# Wellington Data Analysis

_Author_: Darshan Mehta

The purpose of this notebook is to perform an investigatory analysis of the Wellington Dataset ([link](http://lila.science/datasets/wellingtoncameratraps)) CSV metadata file (present [here](https://lilablobssc.blob.core.windows.net/wellingtoncameratraps/wellington_camera_traps.csv.zip)) to identify, understand and possibly modify the information present in the file.

In [1]:
import os

import numpy as np
import pandas as pd

In [2]:
# Read the file
file_path = os.path.join(os.getcwd(), '..', 'data', 'wellington_camera_traps.csv')

raw_data = pd.read_csv(file_path)

In [3]:
# Print some demo top rows
raw_data.head()

Unnamed: 0,sequence,image_sequence,file,label,site,date,camera
0,2,image1,290716114012001a1116.jpg,BIRD,001a,7/29/2016 11:40,111
1,12,image1,100816090812001a1111.jpg,BIRD,001a,8/10/2016 9:08,111
2,17,image1,180516121622001a1602.jpg,BIRD,001a,5/18/2016 12:16,160
3,18,image1,260416120224001a1601.jpg,BIRD,001a,4/26/2016 12:02,160
4,20,image1,160516023810001a1606.jpg,CAT,001a,5/16/2016 2:38,160


The dataset webpage says that there are 270,450 images from 187 camera locations in the dataset. Each of the 90,150 sequences contain 3 images taken as part of the burst imagery. Each sequence is classified into 15 animal categories, empty, and unclassifiable. Approximately 17% of images are labeled as empty. Let us verify this dataset to make sure we are not missing any part of it.

In [4]:
print("There are", len(raw_data), "images in the dataset.")

There are 270450 images in the dataset.


In [9]:
print("There are", len(raw_data.camera.unique()), "unique camera locations in the dataset.")

There are 129 unique camera locations in the dataset.


Hmmm... $\large{🐟}$. I'm not sure how useful it is to have the right camera locations for our problem statement right now, but it is good that we have found and documented the issue so that we can trace back if we face a problem in the future.

In [15]:
print("There are", len(raw_data.label.unique()), "unique labels in the dataset.")

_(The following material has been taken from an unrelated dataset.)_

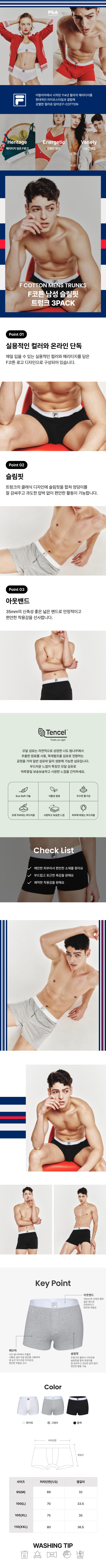 F코튼 남성 슬림핏 트렁크 3팩(FI4TKH1124MBLK)
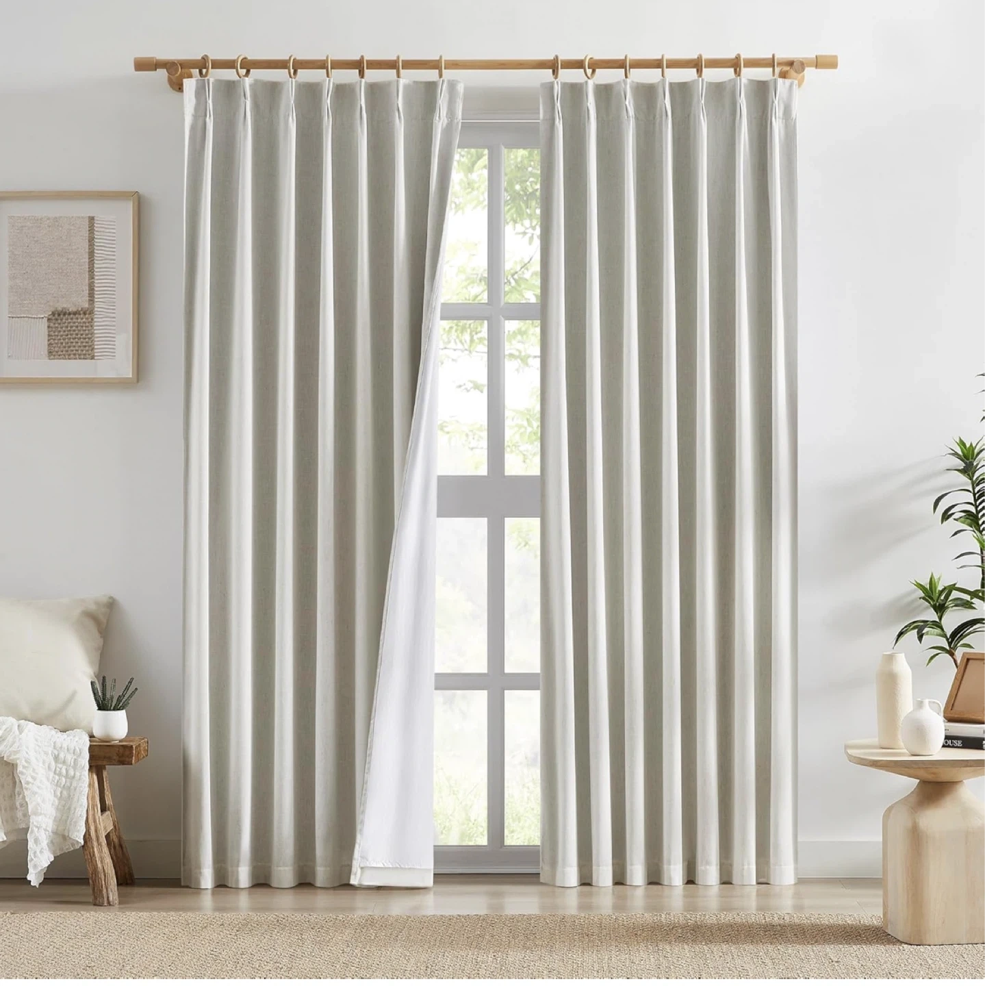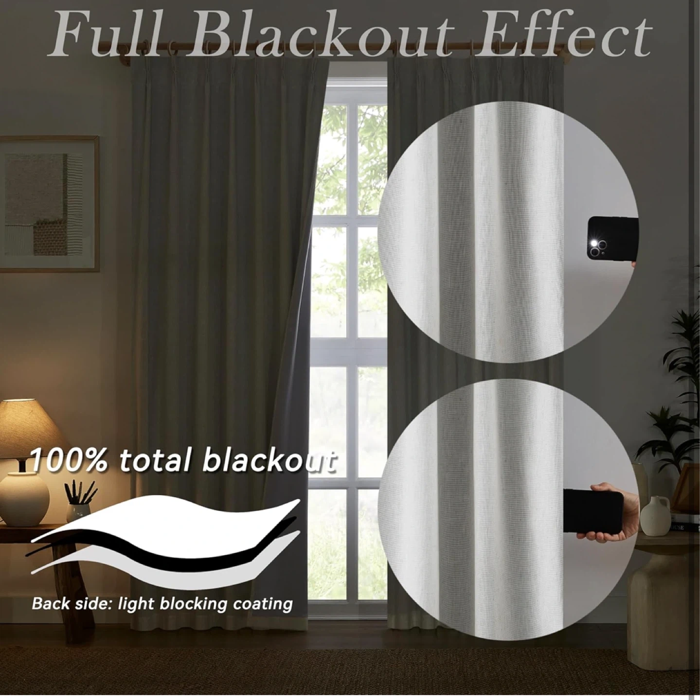 Natural Linen Full Blackout Curtains for Bedroom Living Room,Pinch Pleat Window Drapes with Hooks,Back Tab Boho Neutral Block Out Darkening Curtains 84 Inches Long 2 Panels Set

There are 17 unique labels in the dataset.


In [10]:
print("There are", len(raw_data.sequence.unique()), "unique sequences in the dataset.")

There are 90478 unique sequences in the dataset.


Hmmmm.. extra $\huge{🐟}$. This means that not every sequence has 3 images. Let's see what are we facing here. 

In [14]:
unique_image_counts = raw_data.groupby('sequence')["image_sequence"].transform("count").unique()
print("There various unique counts of images in sequences are:", unique_image_counts)

There various unique counts of images in sequences are: [3 2 1]


Interesting $\large{🤔}$. Let's dive deeper to see what kind of sequences these are that don't have 3 images.